Fish diplomacy: If ‘puja’ comes to Bengal, can Hilsa be far behind…

Last year too Bangladesh had made a similar concession ahead of Durga Puja sending 500 tonnes Hilsa

Hilsa, Ilish, fish
Bangladesh accounts for nearly 80 percent of the world’s Hilsa production | Photo: iStock

In a relishing twist to the Hilsa diplomacy, the season’s first consignment of the pricey fish reached West Bengal from Bangladesh on Monday evening — a pre-Puja gift from the neighbour. Hilsa lovers on this side of the border can now expect the delicacy to return to Bengali platter in a day or two.

Bangladesh had imposed a ban on export of Hilsa to West Bengal in 2012, in retaliation to the state government’s opposition to Teesta water sharing deal, depriving the Bengalis in India of their favourite seasonal delicacy.

The Hilsa pang of her citizens had made Chief Minister Mamata Banerjee reach out to Bangladesh Prime Minister Sheikh Hasina in 2015 and seek lifting of the ban. Politely refusing the request, Hasina had told Mamata that the fish would flow into West Bengal once Teesta river water started to flow adequately into Bangladesh.

“Can there be fish without water,” she had reportedly told West Bengal chief minister in a lighter vein, triggering in a way the age-old Bangaal-Ghoti rivalry that spiced up the cultural flavour of Bengal.

For the uninitiated, the Bangaals are people with their ancestral roots in erstwhile East Bengal, whose ancestors migrated to the western part of the Bengal before or after 1947 partition, while the Ghotis are the original inhabitants of the present state of West Bengal.

The Bangaals generally associate themselves with Hilsa fish and are invariably supporters of East Bengal football. The Ghotis will celebrate a Mohun Bagan victory devouring Jumbo Prawns (Chingri in Bengali) cooked in coconut.

As Hilsa waded into diplomacy, it started vanishing from the platter of the average Bengali, as short supply spiked prices beyond their reach. This year particularly, there has been a stiff supply-demand gap as the state’s own Hilsa haul dipped to a ’25 year low’, according to fishermen and fish traders.

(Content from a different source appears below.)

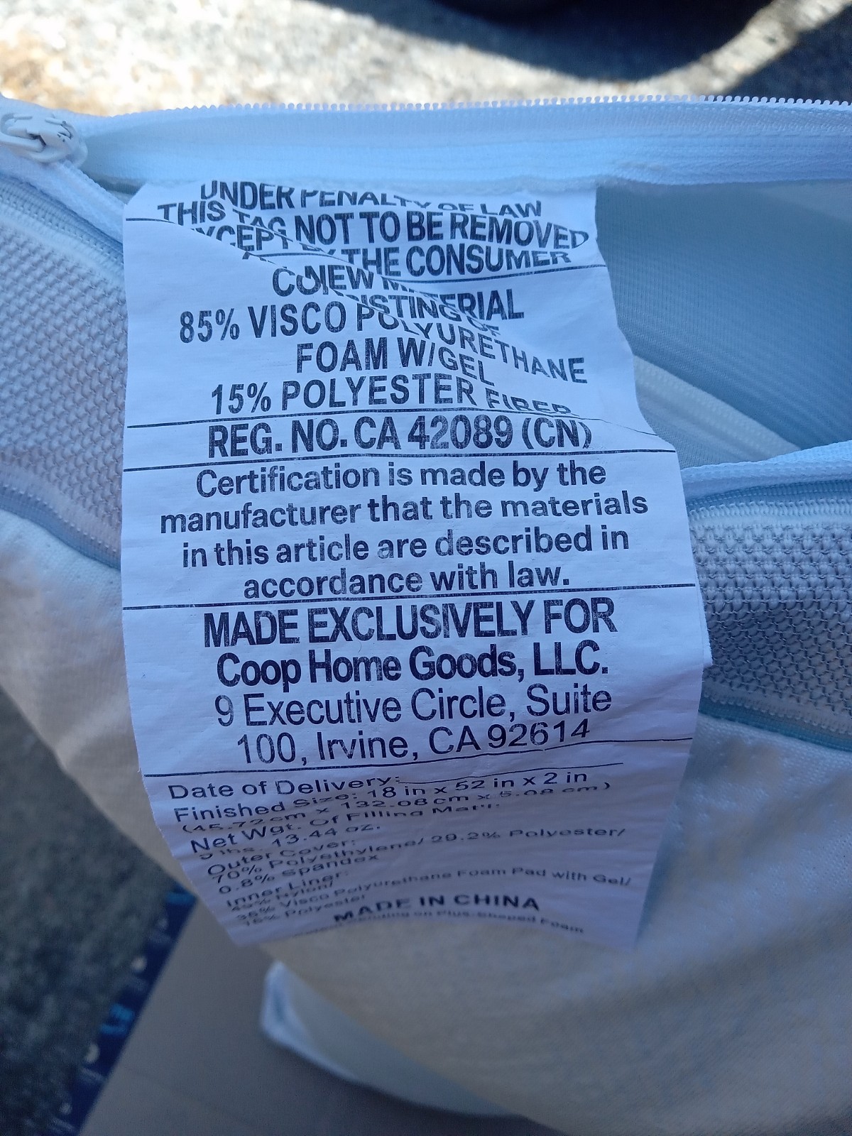 Fill Material: Visco Polyurethane Foam Pad with Gel

Digha Fishermen’s Association secretary Shyamsundar Das said in July the catch was virtually nil and even in August and September so far the catch was not promising enough.

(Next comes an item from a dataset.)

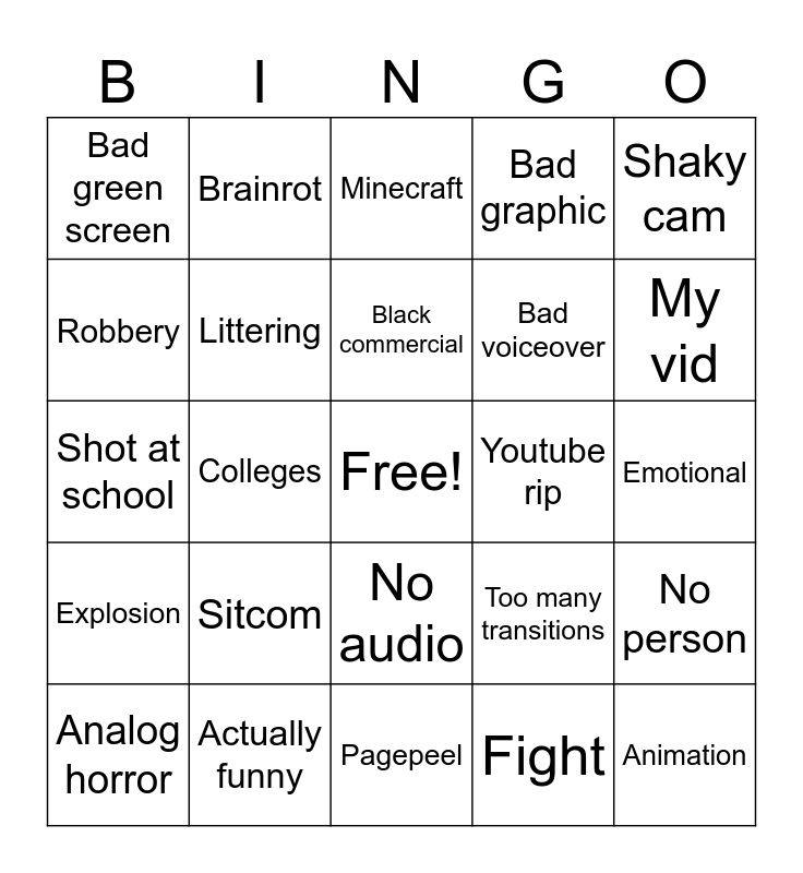 This bingo card has a free space and 24 words: Sitcom, Actually funny, Black commercial, Analog horror, Shaky cam, Bad green screen, Robbery, Brainrot, Youtube rip, No audio, Bad voiceover, Shot at school, Too many transitions, No person, Littering, Fight, Emotional, Minecraft, My vid, Colleges, Animation, Explosion, Bad graphic and Pagepeel.

On an average, 20,000-25,000 tonnes of Hilsa are netted from the estuaries in the state, but this monsoon, the prime season for the catch, the haul was less than 200 tonnes, the state fisheries department sources said.

In contrast, Bangladesh registered a phenomenal rise in Hilsa production this year leading to a glut in that country, promoting illicit cross border trade of the fish.  India’s Border Security Force (BSF) has seized around 2,800 kg of Bangladeshi Hilsa in the last seven months.

Bangladesh accounts for nearly 80 percent of the world’s Hilsa production. Moreover, the quality of the fish in the Padma river in Bangladesh is believed to be of better quality.

The price of Indian Hilsa swings between Rs 1,000 and Rs 1,200 per kg in a Kolkata market whereas its Bangladeshi variant fetches anything between Rs 1,800 to Rs 2,200 per kg.

Fish traders say the price will go down as the Hilsa from Bangladesh starts arriving in the market.

The Bangladesh government on September 10 temporarily lifted the ban in view of Durga Puja, allowing export of 1,450 metric tonnes of Hilsa to West Bengal, the largest consignment of the highly sought-after, silvery trans-boundary fish to cross the border since 2011.

Last year too Bangladesh had made a similar concession ahead of the Durga Puja sending 500 tonnes of the fish.